Making Use of Super Public Data

Super Public data gives you access to the raw text of posts that users have chosen to make public. This sample content is a great way to improve your filters and classifiers.

What is a Super Public post?

A Super Public post is a story that is:

  • Posted by someone who has “Who can see your future posts?” set to “Public” under their Privacy Settings
  • Posted by someone who has the Follow setting enabled, allowing non-friends to see their stories
  • Is not posted to someone else’s Timeline

Essentially these are stories that an author has chosen to share publicly.

If you have access to the Super Public feature any posts that match your running Interaction Filters will be cached alongside your usual PYLON recordings.

How can they help me?

Super Public posts unlike other stories give you access to the raw text content of the post. Here's an example post:

    "fb": {
        "media_type": "photo",
        "content": "I love how the rear seats fold flat in the BMW X5",
        "language": "en",
        "hashtags": [
        "topics": [
                "name": "BMW",
                "id": 565634324
        "topic_ids": [
    "interaction": {
        "subtype": "story",
        "content": "I love how the rear seats fold flat in the BMW X5"
    "tag_tree": {
        "automotive": {
            "bmw": {
                "X_Series": [
    "links": {
        "code": [
        "domain": [
        "normalized_url": [
        "url": [

Note that demographic details or sentiment values are not available for Super Public posts. However content, topics, tags or scores (if you've added these with classification rules) and links targets are available.

The posts are very useful for two purposes:

  • Validation - You can use these posts to check the validity of your Interaction Filter
  • Machine learning - You can use these posts to train machine learning models and build classifiers to run within your Interaction Filters

note icon

Note that because demographic details and sentiment details are not available, if your interaction filter requires these targets you may recieve no super public samples. For example if your filter reads:

fb.content contains_any "BMW, Honda, Ford" AND == "United States"

Then you will recieve no super public posts because your filter mandates the author must be in the US, yet super public posts do not have a value for the target. You can work around this limitation by modifying your country condition. As all non-public interactions do have countries and no super public posts have countries you can modify your filter as follows:

fb.content contains_any "BMW, Honda, Ford" 
AND ( in "United States" or (not exists))

This will record only interactions from US authors into your index, but will give you super public posts from all countries to inspect.

How do I access Super Public posts?

You can access these posts using the /pylon/sample endpoint, specifying the recording you'd like the related Super Public posts for.

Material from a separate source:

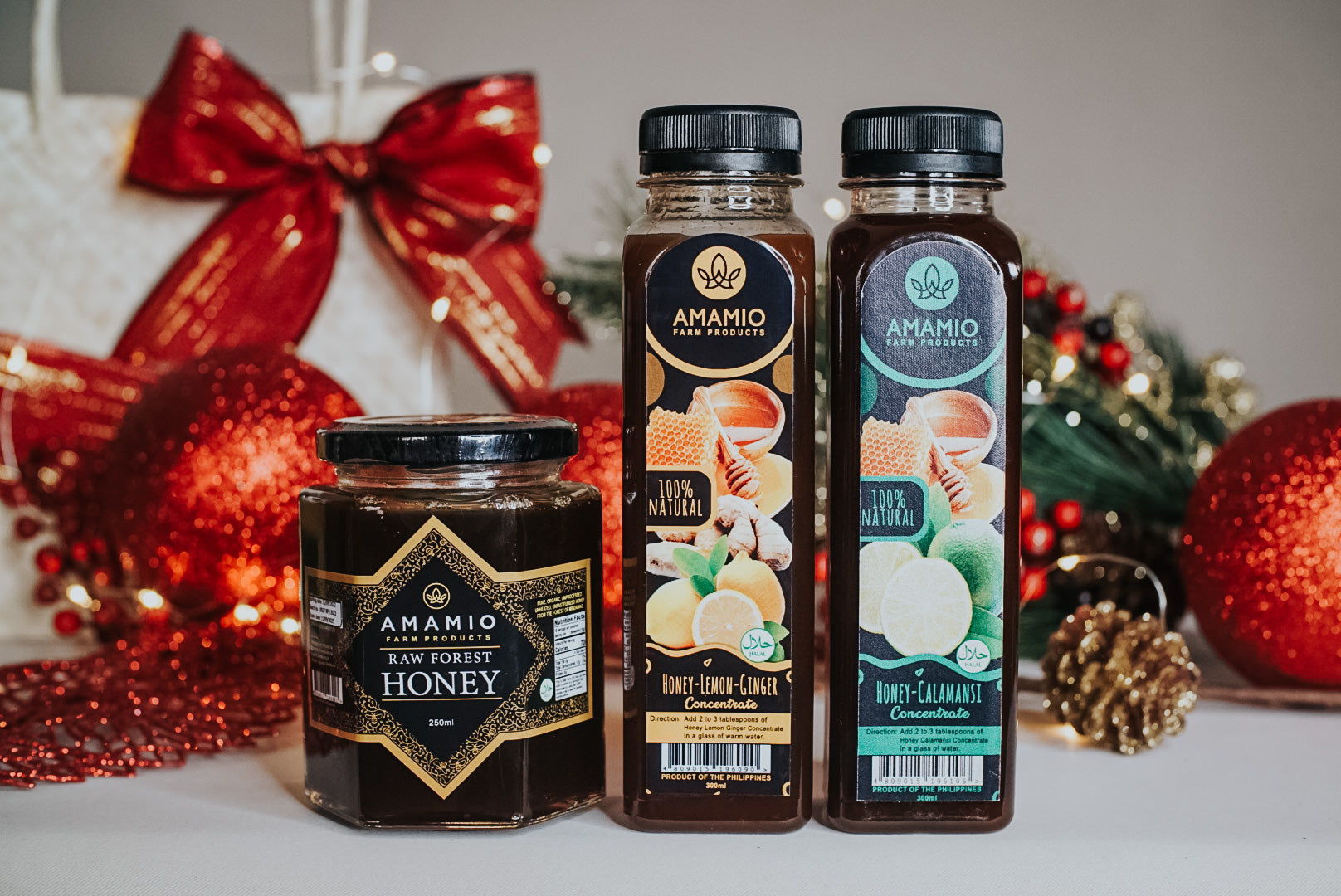 Bundled Gifts1 includes the following: 250ml Raw Forest Honey, Honey Lemon Ginger, Honey Calamansi Concentrate.

All Super Public posts that match your Interaction Filter will be stored, however you can only retreive a maximum of 100 posts an hour through the endpoint.

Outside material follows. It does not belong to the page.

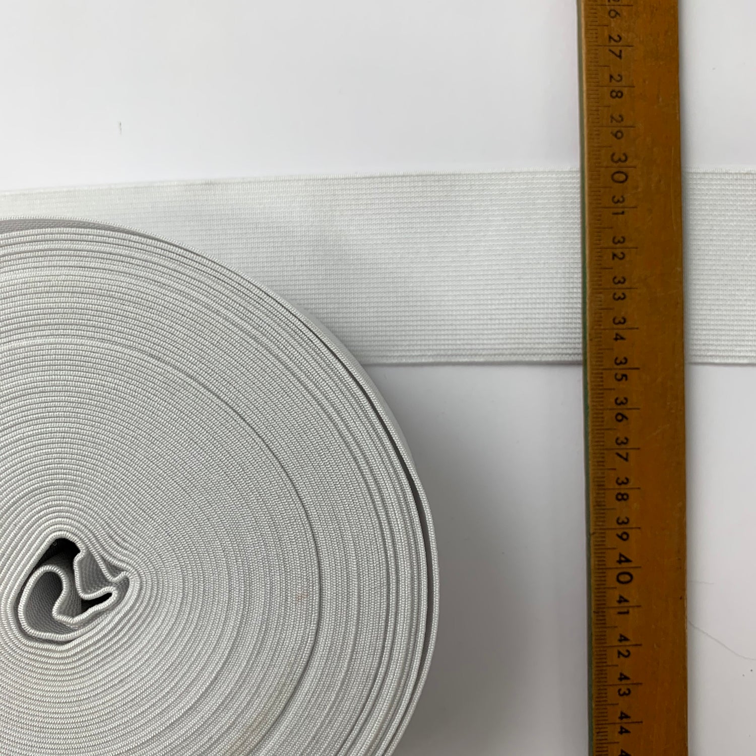 High quality 50mm wide flat loom elastic in white. This elastic maintains its width even when stretched, making it perfect for waistbands, cuffs, crafts, and general sewing projects.

Although you can only retrieve 2,400 super public posts per day from the API you can use query filters and time ranges to find the most relevant posts.

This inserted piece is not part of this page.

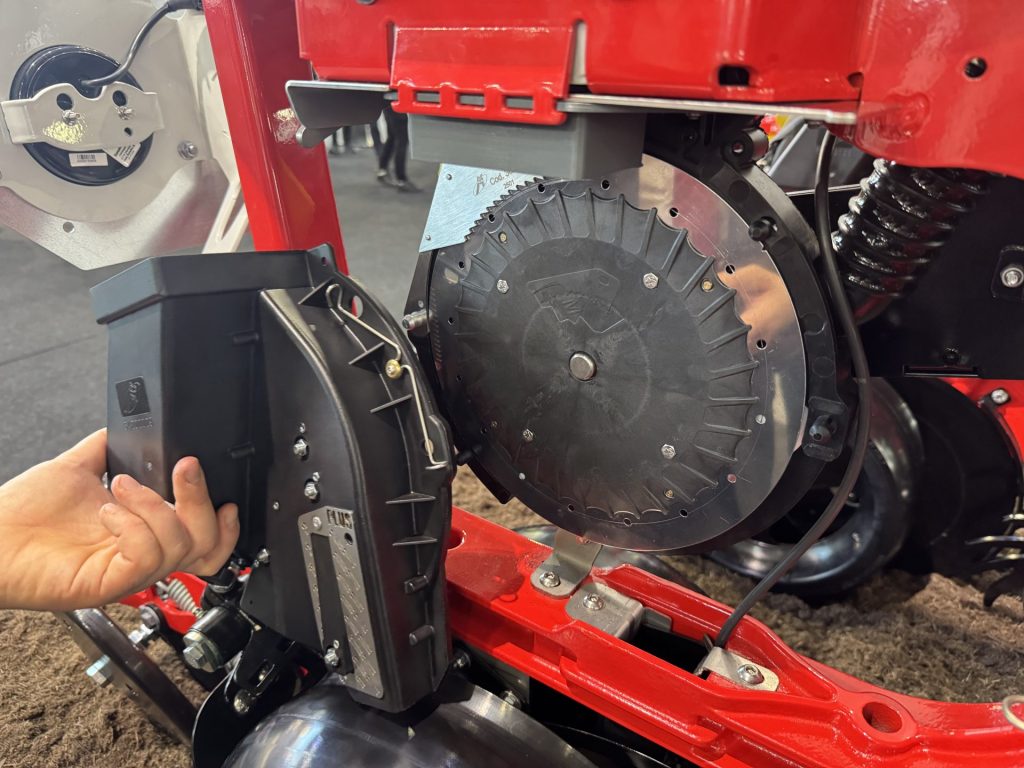 The Puro has a new coulter design with more downforce, up to 180kg per row unit. The gearbox has also changed for faster adjustment. Electric metering is something that is in the pipeline. The Puro will be built in Italy at the Matermacc plant which Pöttinger bought three years ago.

Platform limits for Super Public data

To make the most of Super Public data, it's important to understand the following limits.

  • For each of your recordings the platform caches up to 1 million super public posts per day.
    • This limit is separate to the 1 million interactions / per day limit set on recordings.
    • The volume of super public posts is around 5% of the volume of topic data stories we receive from Facebook. So in practice, if your recording hits the 1 million interaction limit far fewer super public posts will have been cached, so these will continue to be cached until the separate limit is hit.
  • Super Public posts are expired in accordance with the same 32-day retention period as Topic Data.
  • Identity-level recording limits are also applied to super public post caching. If the identity running the recording is limited to 100,000 then this limit will also apply to the related cache of super public posts.

Validating your Interaction Filters

The first use case for Super Public posts is to validate your Interaction Filters.

For instance if you're filtering on certain topics or content keywords, you can check that the Super Public posts match these criteria. This will show that the right data is being recorded into your index.

To improve your Interaction Filter you might:

  • Find false positive terms to add to your filters

  • Expand the lists of words and phrases you use for filtering to reflect the way people really talk
  • Collect steady stream of over time to understand how conversations change and new terms arise

Equally you can also validate that your classification rules are working as expected. The Super Public posts will also be run through your tagging and scoring rules, just like non-public posts.

Read our design pattern on validating filters using super public data >

Building machine learned classifiers

Machine learned classifiers give you a powerful way of adding your own value to data.

The first step to build a machine learned classifier is to acquire a training set of data. You can regularly request data from the /pylon/sample endpoint to build up a training set.